• Task objective
Without any of the pictures, transcribe all the lines below exactly.

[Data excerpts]
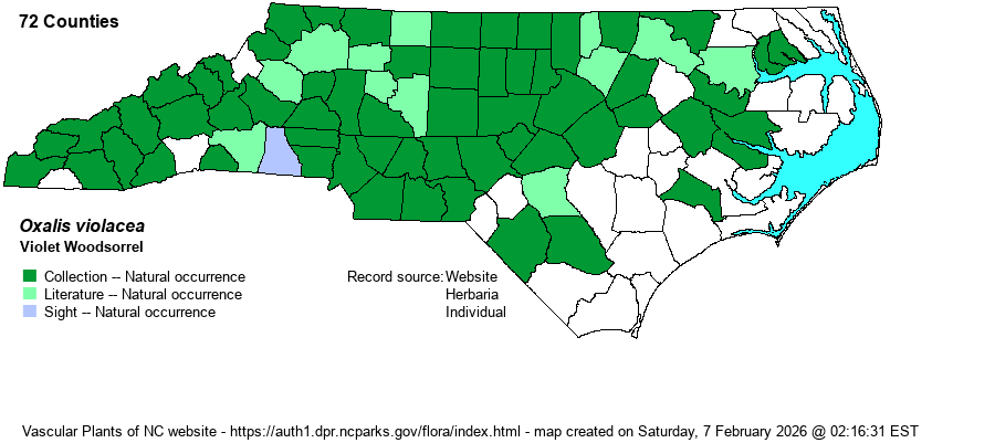 | Identification | This is the only native rose-purple-flowered Oxalis, being confusable only with the exotic O. auriculata. This is a colonial species, often in fairly dense patches. The stem/leaves grow to only about 3-4 inches tall, with the flowering stalks extending above the leaves to 6-8 inches high. As with other Oxalis species, the leaves are clover-like, with 3 leaflets on long petioles. The flowers have 5 rose-purple petals, and a flower spread of about 1-inch across. When not in bloom, the species could be confused with a few yellow-flowered species, though the leaves of O. violacea are often (but not always) purple on the dorsal surface. This species has smooth flowering stalks, whereas the exotic species (O. articulata) has pubescent stalks. The exotic species also has sepals strongly pubescent as opposed to essentially glabrous in O. violacea. O. articulata, as expected of an exotic species, is the one commonly seen in gardens, lawns, and along roadsides, almost always in full sun. | |
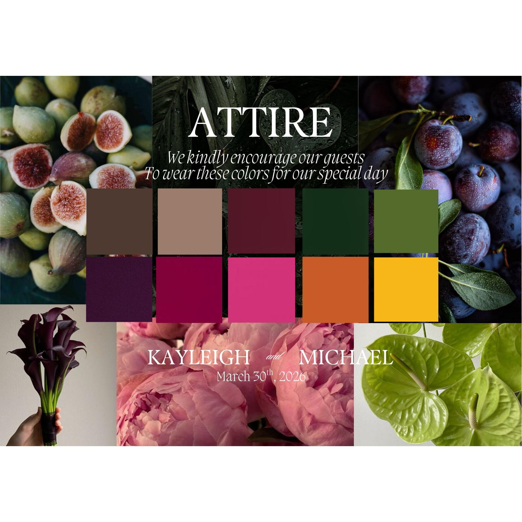We’re so excited to celebrate our special day with you, and we want you to feel your best while honouring the atmosphere and colours of the day. Here's a little guidance to help you plan your outfit:
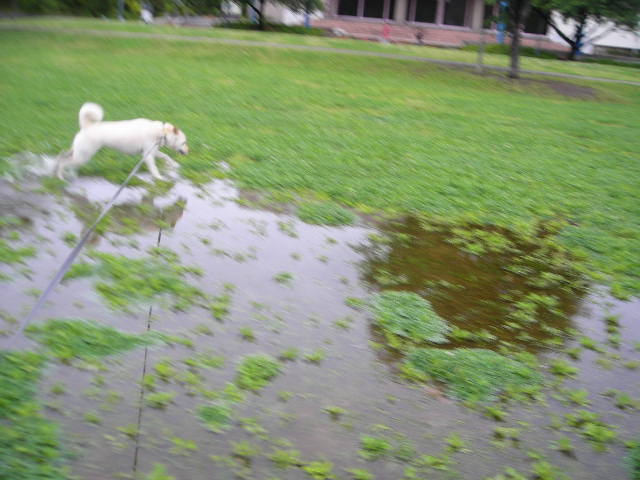 お水は苦手なハズなのに・・広場の水溜りはテンションが上がるようです・・
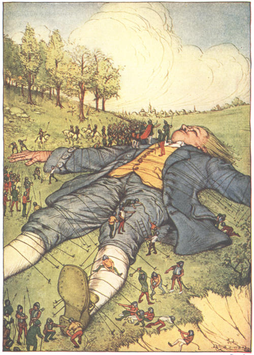 It would not be proper, for some reasons, to trouble the reader with the particulars of our adventures in those seas; let it suffice to inform him, that in our passage from thence to the East Indies, we were driven by a violent storm to the northwest of Van Diemen’s Land. By an observation, we found ourselves in the latitude of 30 degrees 2 minutes south. Twelve of our crew were dead by immoderate labor and ill food: the rest were in a very weak condition. On the 5th of November, which was the beginning of summer in those parts, the weather being very hazy, the seamen spied a rock within half a cable’s length of the ship, but the wind was so strong that we were driven directly upon it, and immediately split. Six of the crew, of whom I was one, having let down the boat into the sea, made a shift to get clear of the ship and the rock. We rowed, by my computation, about three leagues, till we were able to work no longer, being already spent with labor while we were in the ship. We therefore trusted ourselves to the mercy of the waves, and in about half an hour the boat was overset by a sudden flurry from the north. What became of my companions in the boat, as well as of those who escaped on the rock, or were left in the vessel, I cannot tell, but conclude they were all lost. For my own part, I swam as fortune directed me, and was pushed forward by wind and tide. I often let my legs drop, and could feel no bottom, but when I was almost gone, and able to struggle no longer, I found myself within my depth; and by this time the storm[8] was much abated. The declivity was so small, that I walked near a mile before I got to the shore, which I conjectured was about eight o’clock in the evening. I then advanced forward near half a mile, but could not discover any sign of houses or inhabitants; at least I was in so weak a condition that I did not observe them. I was extremely tired, and with that, and the heat of the weather, and about half a pint of brandy that I drank as I left the ship, I found myself much inclined to sleep. I lay down on the grass, which was very short and soft, where I slept sounder than ever I remember to have done in my life, and, as I reckoned, about nine hours; for when I awakened, it was just daylight. I attempted to rise, but was not able to stir; for, as I happened to lie on my back, I found my arms and legs were strongly fastened on each side to the ground; and my hair, which was long and thick, tied down in the same manner. I likewise felt several slender ligatures across my body, from my arm-pits to my thighs. I could only look upwards; the sun began to grow hot, and the light offended my eyes. I heard a confused noise about me; but in the posture I lay, could see nothing except the sky. In a little time, I felt something alive moving on my left leg, which advancing gently forward over my breast, came almost up to my chin; when, bending my eyes downwards as much as I could, I perceived it to be a human creature not six inches high, with a bow and an arrow in his hands and a quiver at his back. In the meantime I felt at least forty more of the same kind (as I conjectured) following the first. I was in the utmost astonishment, and roared so loud that they all ran back in a fright, and some of them, as I was afterwards told,[9] were hurt by the falls they got by leaping from my sides upon the ground. However, they soon returned, and one of them who ventured so far as to get a full sight of my face, lifting up his hands and eyes by way of admiration, cried out in a shrill but distinct voice, Hekinah degul! The others repeated the same words several times, but I then knew not what it meant. I lay all this while, as the reader may believe, in great uneasiness; at length, struggling to get loose, I had the fortune to break the strings, and wrench out the pegs that fastened my left arm to the ground, for, by lifting it up to my face, I discovered the methods they had taken to bind me, and at the same time with a violent pull, which gave me excessive pain, I a little loosened the strings that tied down my hair on the left side, so that I was just able to turn my head about two inches. But the creatures ran off a second time, before I could seize them; whereupon there was a great shout in a very shrill accent, and after it had ceased I heard one of them cry aloud, Tolgo phonac; when in an instant I felt above a hundred arrows discharged on my left hand, which pricked me like so many needles; and besides they shot another flight into the air, as we do bombs in Europe, whereof many, I suppose, fell on my body (though I felt them not) and some on my face, which I immediately covered with my left hand. When this shower of arrows was over, I fell a-groaning with grief and pain, and then striving again to get loose, they discharged another volley larger than the first, and some of them attempted with spears to stick me in the sides; but by good luck I had on me a buff jerkin, which they could not pierce. I thought it the most prudent method to[10] lie still, and my design was to continue so till night, when, my left hand being already loose, I could easily free myself: and as for the inhabitants, I had reason to believe I might be a match for the greatest army they could bring against me, if they were all of the same size with him that I saw. But fortune disposed otherwise of me. When the people observed I was quiet, they discharged no more arrows; but, by the noise I heard, I knew their numbers increased; and about four yards from me, over against my right ear, I heard a knocking for above an hour, like that of people at work; when turning my head that way, as well as the pegs and strings would permit me, I saw a stage erected about a foot and a half from the ground, capable of holding four of the inhabitants, with two or three ladders to mount it: whence one of them, who seemed to be a person of quality, made me a long speech, whereof I understood not a syllable. But I should
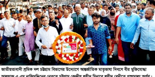 প্রেস বিজ্ঞপ্তি: বাংলাদেশ জাতীয়তাবাদী শ্রমিক দল চট্টগ্রাম বিভাগের উদ্যোগে শুক্রবার(২১ ফেব্রুয়ারি)সকালে আন্তর্জাতিক মাতৃভাষা দিবস মহান একুশে ফেব্রুয়ারি উদযাপন উপলক্ষে চট্টগ্রাম কেন্দ্রীয় শহীদ মিনারে শহীদ বেদীতে পুষ্পমাল্য অর্পণ করেন চট্টগ্রাম বিভাগীয় শ্রমিক দলের সভাপতি বীর মুক্তিযোদ্ধা আলহাজ্ব এএম নাজিম উদ্দিন ও…
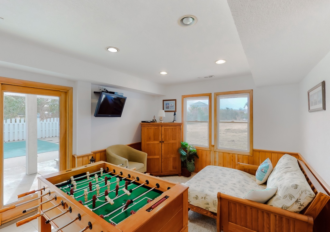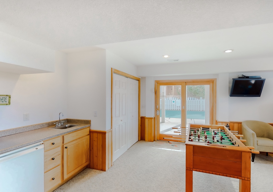 Ground Level: Features a rec room with foosball table, a 32 inch TV, wet bar with mini fridge and a sliding glass door to the pool area. You will also find a Futon sleeper in the rec room. There are two bedrooms on this floor, each with 2 Bunk Sets and a TV that share a full bathroom. Step outside and enjoy the private pool and a hot tub that sits under a covered deck.
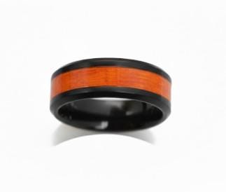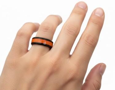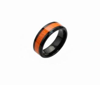 This genuine Black Ceramic ring inlaid with 100% Genuine Orange fishing Line - UV Glow fishing Line ring.
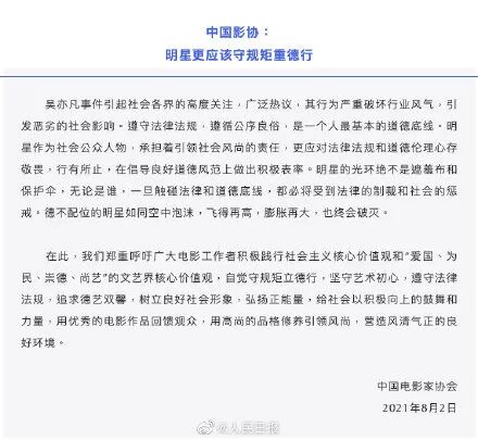 2日,中国影协、中国音协、中国视协就吴亦凡事件发声。中国影协:德不配位的明星如同空中泡沫,飞得再高,膨胀再大,也终会破灭。中国音协:健康的行业风气是音乐事业繁荣发展的重要保证。中国视协:所谓顶级流量、粉丝后援、外籍身份都不具备为所欲为的特权,绝不是违法失德的护身符。
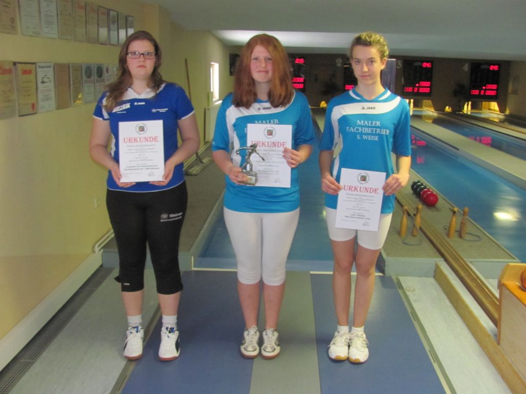AK U18w v.l.n.r.: Jasmin Schneidewind / SSV49 3. Platz 855 Holz Nicole Kothe /Hopfgarten 1. Platz 939 Holz Lisa Weise / Hopfgarten 2. Platz 801 Holz |
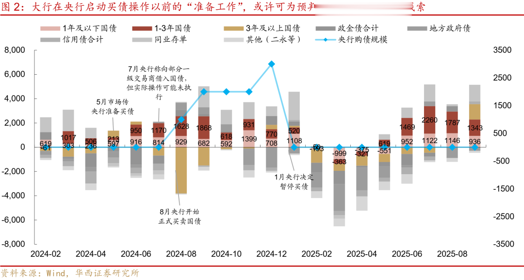 二是如果央行执行买入操作,两轮买债行为有何潜在异同?结合近期大行行为特征,新一轮央行买债,可能会采取短债与中长债组合买入的方式。考虑到央行买债的对手方多为大行,大行在央行启动买债操作之前的“准备工作”,或可为预判央行行为提供一些线索。例如2024年8月央行启动“买短卖长”操作,大行曾在6-7月加力配置1年内及1-3年国债,月均净买入865、1060亿元,明显高于4-5月均值的416、359亿元。今年8月,大行主要增持品种同为1年内、1-3年国债,净买入1146、1787亿元,其余品种累计净卖出602亿元;而9月大行在维持净买入短国债至之余,还提升了对3年及以上国债的配置规模,累计净买入1266亿元(7、8月分别为-450、-24亿元)。说明新一轮央行买债,可能也会涉及3年及以上期限。
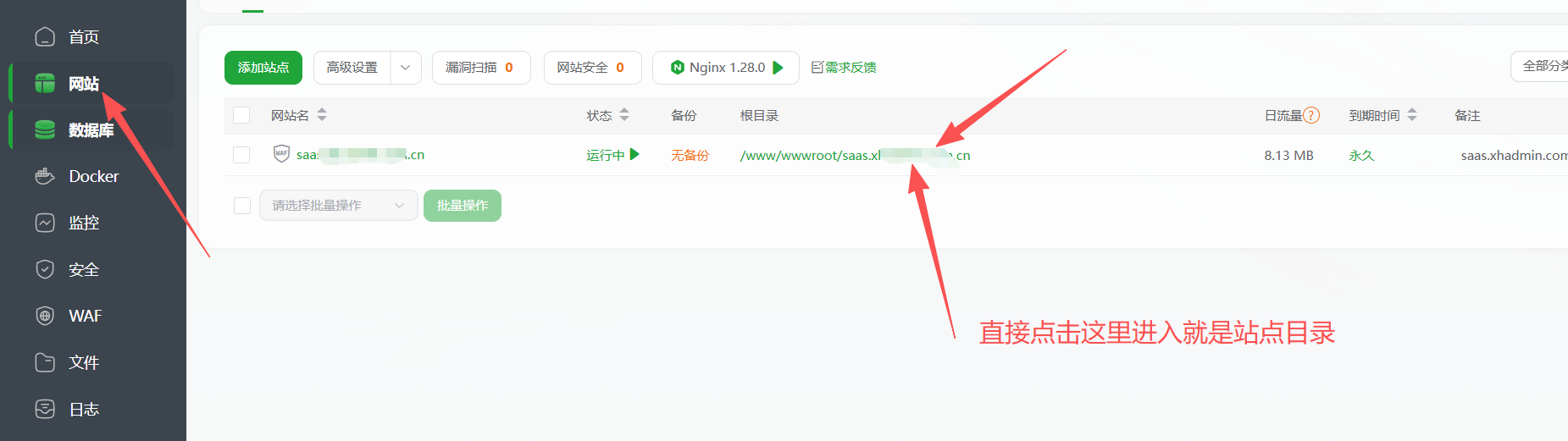 4. 打开宝塔,找点站点,点击进入站点目录,上传文件到这个目录(非public!也就是和public同级的目录)。

• Output below
 | Identification | This is the only native rose-purple-flowered Oxalis, being confusable only with the exotic O. auriculata. This is a colonial species, often in fairly dense patches. The stem/leaves grow to only about 3-4 inches tall, with the flowering stalks extending above the leaves to 6-8 inches high. As with other Oxalis species, the leaves are clover-like, with 3 leaflets on long petioles. The flowers have 5 rose-purple petals, and a flower spread of about 1-inch across. When not in bloom, the species could be confused with a few yellow-flowered species, though the leaves of O. violacea are often (but not always) purple on the dorsal surface. This species has smooth flowering stalks, whereas the exotic species (O. articulata) has pubescent stalks. The exotic species also has sepals strongly pubescent as opposed to essentially glabrous in O. violacea. O. articulata, as expected of an exotic species, is the one commonly seen in gardens, lawns, and along roadsides, almost always in full sun. | |
We’re so excited to celebrate our special day with you, and we want you to feel your best while honouring the atmosphere and colours of the day. Here's a little guidance to help you plan your outfit:
 お水は苦手なハズなのに・・広場の水溜りはテンションが上がるようです・・
 It would not be proper, for some reasons, to trouble the reader with the particulars of our adventures in those seas; let it suffice to inform him, that in our passage from thence to the East Indies, we were driven by a violent storm to the northwest of Van Diemen’s Land. By an observation, we found ourselves in the latitude of 30 degrees 2 minutes south. Twelve of our crew were dead by immoderate labor and ill food: the rest were in a very weak condition. On the 5th of November, which was the beginning of summer in those parts, the weather being very hazy, the seamen spied a rock within half a cable’s length of the ship, but the wind was so strong that we were driven directly upon it, and immediately split. Six of the crew, of whom I was one, having let down the boat into the sea, made a shift to get clear of the ship and the rock. We rowed, by my computation, about three leagues, till we were able to work no longer, being already spent with labor while we were in the ship. We therefore trusted ourselves to the mercy of the waves, and in about half an hour the boat was overset by a sudden flurry from the north. What became of my companions in the boat, as well as of those who escaped on the rock, or were left in the vessel, I cannot tell, but conclude they were all lost. For my own part, I swam as fortune directed me, and was pushed forward by wind and tide. I often let my legs drop, and could feel no bottom, but when I was almost gone, and able to struggle no longer, I found myself within my depth; and by this time the storm[8] was much abated. The declivity was so small, that I walked near a mile before I got to the shore, which I conjectured was about eight o’clock in the evening. I then advanced forward near half a mile, but could not discover any sign of houses or inhabitants; at least I was in so weak a condition that I did not observe them. I was extremely tired, and with that, and the heat of the weather, and about half a pint of brandy that I drank as I left the ship, I found myself much inclined to sleep. I lay down on the grass, which was very short and soft, where I slept sounder than ever I remember to have done in my life, and, as I reckoned, about nine hours; for when I awakened, it was just daylight. I attempted to rise, but was not able to stir; for, as I happened to lie on my back, I found my arms and legs were strongly fastened on each side to the ground; and my hair, which was long and thick, tied down in the same manner. I likewise felt several slender ligatures across my body, from my arm-pits to my thighs. I could only look upwards; the sun began to grow hot, and the light offended my eyes. I heard a confused noise about me; but in the posture I lay, could see nothing except the sky. In a little time, I felt something alive moving on my left leg, which advancing gently forward over my breast, came almost up to my chin; when, bending my eyes downwards as much as I could, I perceived it to be a human creature not six inches high, with a bow and an arrow in his hands and a quiver at his back. In the meantime I felt at least forty more of the same kind (as I conjectured) following the first. I was in the utmost astonishment, and roared so loud that they all ran back in a fright, and some of them, as I was afterwards told,[9] were hurt by the falls they got by leaping from my sides upon the ground. However, they soon returned, and one of them who ventured so far as to get a full sight of my face, lifting up his hands and eyes by way of admiration, cried out in a shrill but distinct voice, Hekinah degul! The others repeated the same words several times, but I then knew not what it meant. I lay all this while, as the reader may believe, in great uneasiness; at length, struggling to get loose, I had the fortune to break the strings, and wrench out the pegs that fastened my left arm to the ground, for, by lifting it up to my face, I discovered the methods they had taken to bind me, and at the same time with a violent pull, which gave me excessive pain, I a little loosened the strings that tied down my hair on the left side, so that I was just able to turn my head about two inches. But the creatures ran off a second time, before I could seize them; whereupon there was a great shout in a very shrill accent, and after it had ceased I heard one of them cry aloud, Tolgo phonac; when in an instant I felt above a hundred arrows discharged on my left hand, which pricked me like so many needles; and besides they shot another flight into the air, as we do bombs in Europe, whereof many, I suppose, fell on my body (though I felt them not) and some on my face, which I immediately covered with my left hand. When this shower of arrows was over, I fell a-groaning with grief and pain, and then striving again to get loose, they discharged another volley larger than the first, and some of them attempted with spears to stick me in the sides; but by good luck I had on me a buff jerkin, which they could not pierce. I thought it the most prudent method to[10] lie still, and my design was to continue so till night, when, my left hand being already loose, I could easily free myself: and as for the inhabitants, I had reason to believe I might be a match for the greatest army they could bring against me, if they were all of the same size with him that I saw. But fortune disposed otherwise of me. When the people observed I was quiet, they discharged no more arrows; but, by the noise I heard, I knew their numbers increased; and about four yards from me, over against my right ear, I heard a knocking for above an hour, like that of people at work; when turning my head that way, as well as the pegs and strings would permit me, I saw a stage erected about a foot and a half from the ground, capable of holding four of the inhabitants, with two or three ladders to mount it: whence one of them, who seemed to be a person of quality, made me a long speech, whereof I understood not a syllable. But I should
 প্রেস বিজ্ঞপ্তি: বাংলাদেশ জাতীয়তাবাদী শ্রমিক দল চট্টগ্রাম বিভাগের উদ্যোগে শুক্রবার(২১ ফেব্রুয়ারি)সকালে আন্তর্জাতিক মাতৃভাষা দিবস মহান একুশে ফেব্রুয়ারি উদযাপন উপলক্ষে চট্টগ্রাম কেন্দ্রীয় শহীদ মিনারে শহীদ বেদীতে পুষ্পমাল্য অর্পণ করেন চট্টগ্রাম বিভাগীয় শ্রমিক দলের সভাপতি বীর মুক্তিযোদ্ধা আলহাজ্ব এএম নাজিম উদ্দিন ও…
 Ground Level: Features a rec room with foosball table, a 32 inch TV, wet bar with mini fridge and a sliding glass door to the pool area. You will also find a Futon sleeper in the rec room. There are two bedrooms on this floor, each with 2 Bunk Sets and a TV that share a full bathroom. Step outside and enjoy the private pool and a hot tub that sits under a covered deck.
 This genuine Black Ceramic ring inlaid with 100% Genuine Orange fishing Line - UV Glow fishing Line ring.
 2日,中国影协、中国音协、中国视协就吴亦凡事件发声。中国影协:德不配位的明星如同空中泡沫,飞得再高,膨胀再大,也终会破灭。中国音协:健康的行业风气是音乐事业繁荣发展的重要保证。中国视协:所谓顶级流量、粉丝后援、外籍身份都不具备为所欲为的特权,绝不是违法失德的护身符。
AK U18w v.l.n.r.: Jasmin Schneidewind / SSV49 3. Platz 855 Holz Nicole Kothe /Hopfgarten 1. Platz 939 Holz Lisa Weise / Hopfgarten 2. Platz 801 Holz |
 二是如果央行执行买入操作,两轮买债行为有何潜在异同?结合近期大行行为特征,新一轮央行买债,可能会采取短债与中长债组合买入的方式。考虑到央行买债的对手方多为大行,大行在央行启动买债操作之前的“准备工作”,或可为预判央行行为提供一些线索。例如2024年8月央行启动“买短卖长”操作,大行曾在6-7月加力配置1年内及1-3年国债,月均净买入865、1060亿元,明显高于4-5月均值的416、359亿元。今年8月,大行主要增持品种同为1年内、1-3年国债,净买入1146、1787亿元,其余品种累计净卖出602亿元;而9月大行在维持净买入短国债至之余,还提升了对3年及以上国债的配置规模,累计净买入1266亿元(7、8月分别为-450、-24亿元)。说明新一轮央行买债,可能也会涉及3年及以上期限。
 4. 打开宝塔,找点站点,点击进入站点目录,上传文件到这个目录(非public!也就是和public同级的目录)。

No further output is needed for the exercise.